利用μs尺度MD模拟、wt-元动力学和绝对结合自由能计算，发现了一种有效的ROR1抑制剂。

背景：受体酪氨酸激酶样孤儿受体1 （ROR1）是一种与癌症相关的假激酶，在正常成人组织中低表达，但在各种恶性肿瘤中表达升高，使其成为一个有希望的治疗靶点。在约400万种化合物中，CHEMBL3926946表现出持久的结合姿态和明确的自由能盆地，成为最有希望的候选化合物。温调元动力学（wt-MetaD）的深度最小值为26.00±2.44 kcal/mol，表明相互作用高度稳定。CHEMBL3926946表现出良好的绝对结合自由能扰动（ABFEP），为- 16.52±0.37 kcal/mol，显著优于抑制剂Ponatinib(- 8.67±0.94 kcal/mol)，并与GLU523和LEU479持续相互作用。这项研究强调了CHEMBL3926946作为ror1靶向癌症治疗的强有力先导，并强调了wt-MetaD和ABFEP联合用于可靠的命中优先级排序的实用性。方法：采用集成高通量虚拟筛选、长时间分子动力学（MD）、wt-MetaD和ABFEP的多层硅管道。使用OPLS2005力场制备配体和蛋白，在Maestro （v12.8.117）中使用相同的力场进行直至wt-MetaD的所有阶段。一个包含约400万个化合物的文库产生了137个候选化合物，通过MD进一步入围。7个高可信度分子进行了5次独立的MD重复，随机种子，以确保统计稳健性。通过1 μs （1000 ns）模拟验证了前3个化合物的长期构象稳定性，并通过wt-MetaD验证了深层最小值。在NAMD 3.0中使用CGenFF力场进行ABFEP计算。我们将ABFEP方案与实验验证的配体进行了基准测试，成功地再现了实验结合自由能（ΔG），证实了该方案的预测可靠性。

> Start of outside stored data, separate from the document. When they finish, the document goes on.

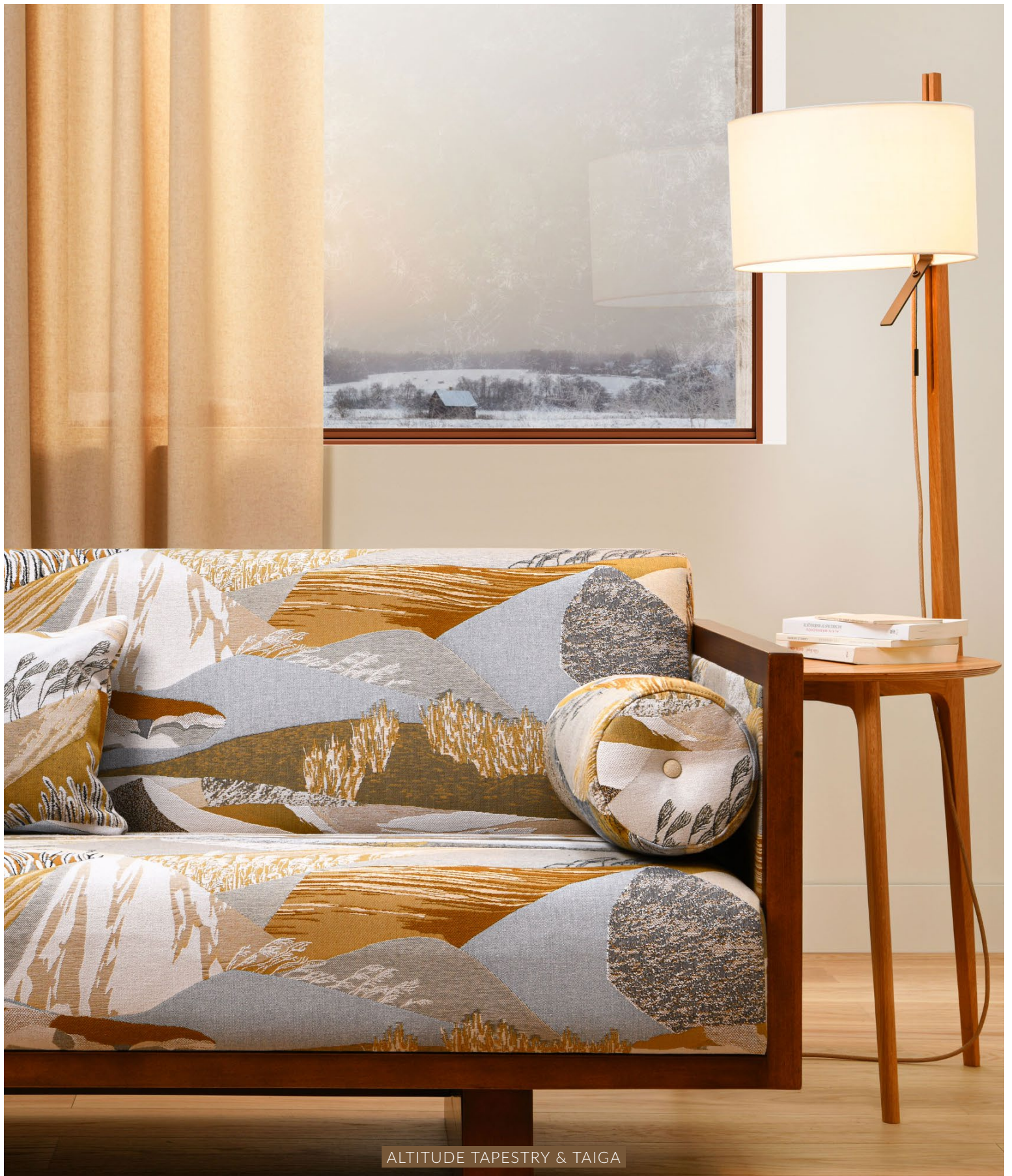
ALTITUDE TAPESTRY & TAIGA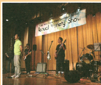
Variety Show 2013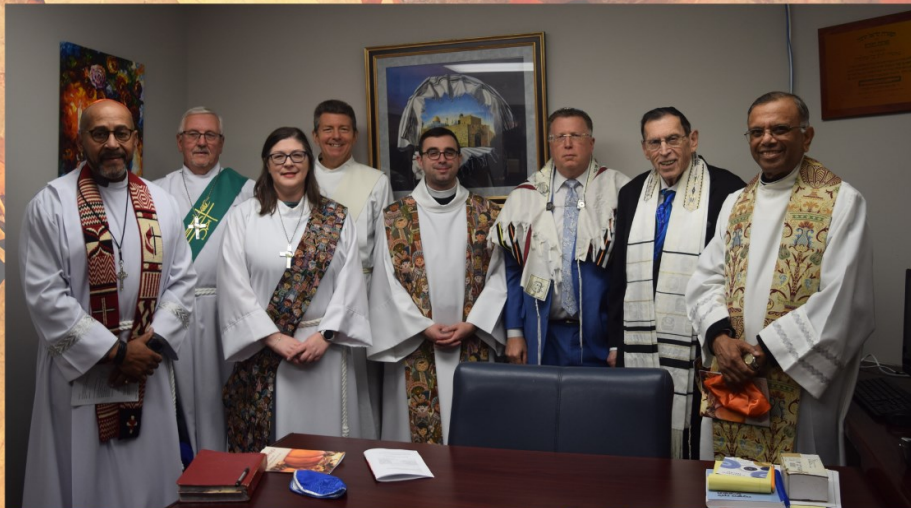
left: our STM participants above: the clergy from Calvary Lutheran, United Methodist, Temple Beth Chai, and St. Thomas More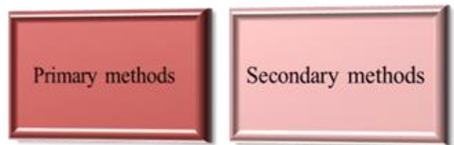
Figure 3: Methods for gathering data

There are several types of methods and techniques that are used to create a reliable and readable and objective research study. Therefore, the usage of proper and accurate research methods in a research study is very important. Apart from that, choosing the appropriate method for the specific research study is more important [4]. Thus, the researcher has used a particular method for collecting data and a particular method for analyzing all the data in this research study. There are mainly two types of methods for gathering data such as primary methods and secondary methods [5]. The sources of these two methods are effective and efficient to collect appropriate data about the research topic. Thereafter the sources of primary methods are based on real-life experiences and activities.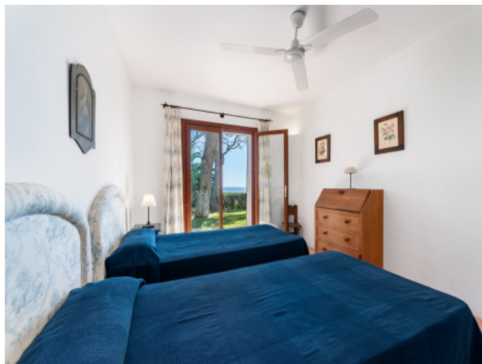
One of seven bedrooms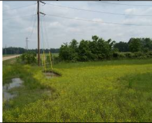
View looking North from southern portion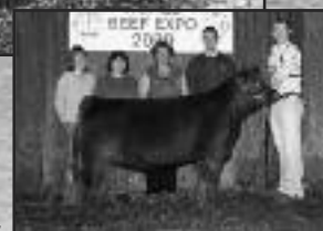
FULL SISTER TO LOT 4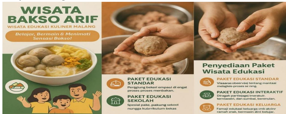
Figure 1. Bakso Arif package tour brochure

Overall, these findings show that the integration of culinary and educational tourism not only differentiates the product but also contributes to long-term competitiveness, economic growth, and community well-being in Batu.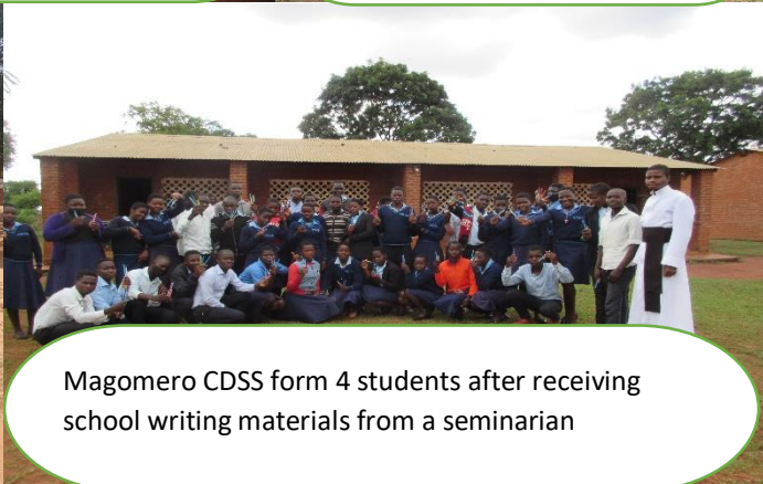
Magomero CDSS form 4 students after receiving school writing materials from a seminarian

We appreciate for the various container items you send us yearly and they are of great help to the parishioners. We, finally, ask God to continue blessing you in your everyday endeavours.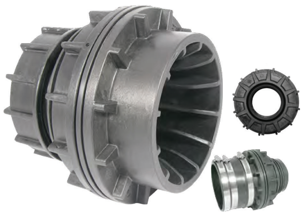
Ducted Entry Boot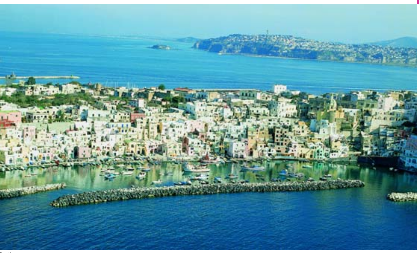
Procida. Marina della Corricella

The favourite place for bathers is the Marina di Chiaiolella , a lovely semicircular inlet closed by the old Santa Margherita promontory. The waterfront is the preferred promenade of the island. Separated from the Chiaiolella by a narrow strip of sea is the Procida lido , a busy bathing establishment. A long bridge unites la Chiaiolella with the islet of Vivara , an oasis protected by the WWF. Permission from the City of Procida is required to visit it.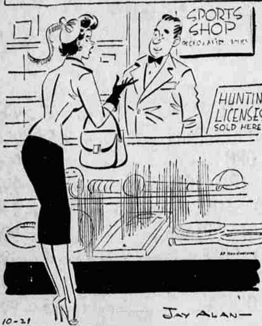
"I WANT A LICENSE FOR TYCOON HUNTING!"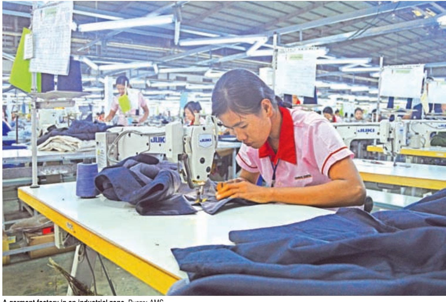
A garment factory in an industrial zone.

After Myanmar is restored to the Generalized System of Preference (GSP) from the EU, the country will receive a growing number of orders. -Ko Htet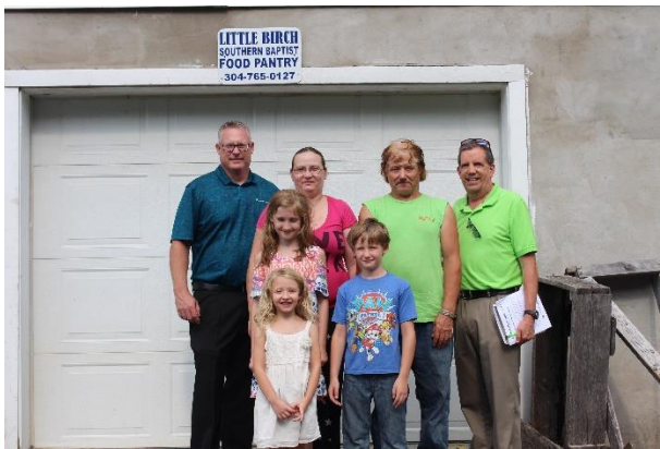
Figure 2 Outreach Family who received clothing, food & supportive services

The Neighborhood Investment Program has proven in its 26 years of existence to be a significant force when it comes to encouraging businesses and individuals to contribute to their local non-profit organizations. The NIP encourages community development by providing the incentive many businesses and individuals need to get involved in their local organizations which are primarily providing services for emergency assistance, direct needs, and many other services to low-income individuals in distressed neighborhoods. By working to build these relationships, the NIP helps to increase the capacity of our communities to support projects which serve our most economically distressed citizens and neighborhoods.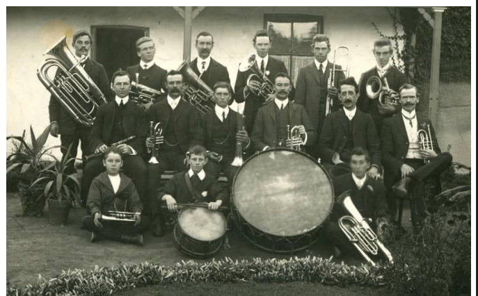
Bowral Band at Farm Homes Mittagong, 1908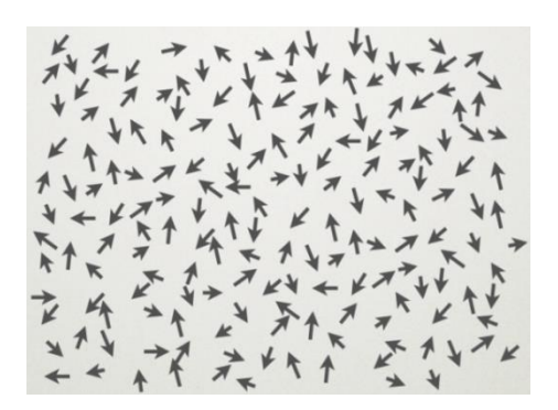
Figure 1. Randomly oriented gravitational dipoles (in absence of an external gravitational field)

observed [9, 10] and presents a surprise and mystery for dark matter paradigm.

本文章由计算机程序翻译，如有差异，请以英文原文为准。

求助全文

约1分钟内获得全文求助全文

来源期刊

Journal of Molecular Modeling 化学-化学综合

CiteScore

3.50

自引率

4.50%

发文量

362

审稿时长

2.9 months

期刊介绍： The Journal of Molecular Modeling focuses on "hardcore" modeling, publishing high-quality research and reports. Founded in 1995 as a purely electronic journal, it has adapted its format to include a full-color print edition, and adjusted its aims and scope fit the fast-changing field of molecular modeling, with a particular focus on three-dimensional modeling. Today, the journal covers all aspects of molecular modeling including life science modeling; materials modeling; new methods; and computational chemistry. Topics include computer-aided molecular design; rational drug design, de novo ligand design, receptor modeling and docking; cheminformatics, data analysis, visualization and mining; computational medicinal chemistry; homology modeling; simulation of peptides, DNA and other biopolymers; quantitative structure-activity relationships (QSAR) and ADME-modeling; modeling of biological reaction mechanisms; and combined experimental and computational studies in which calculations play a major role.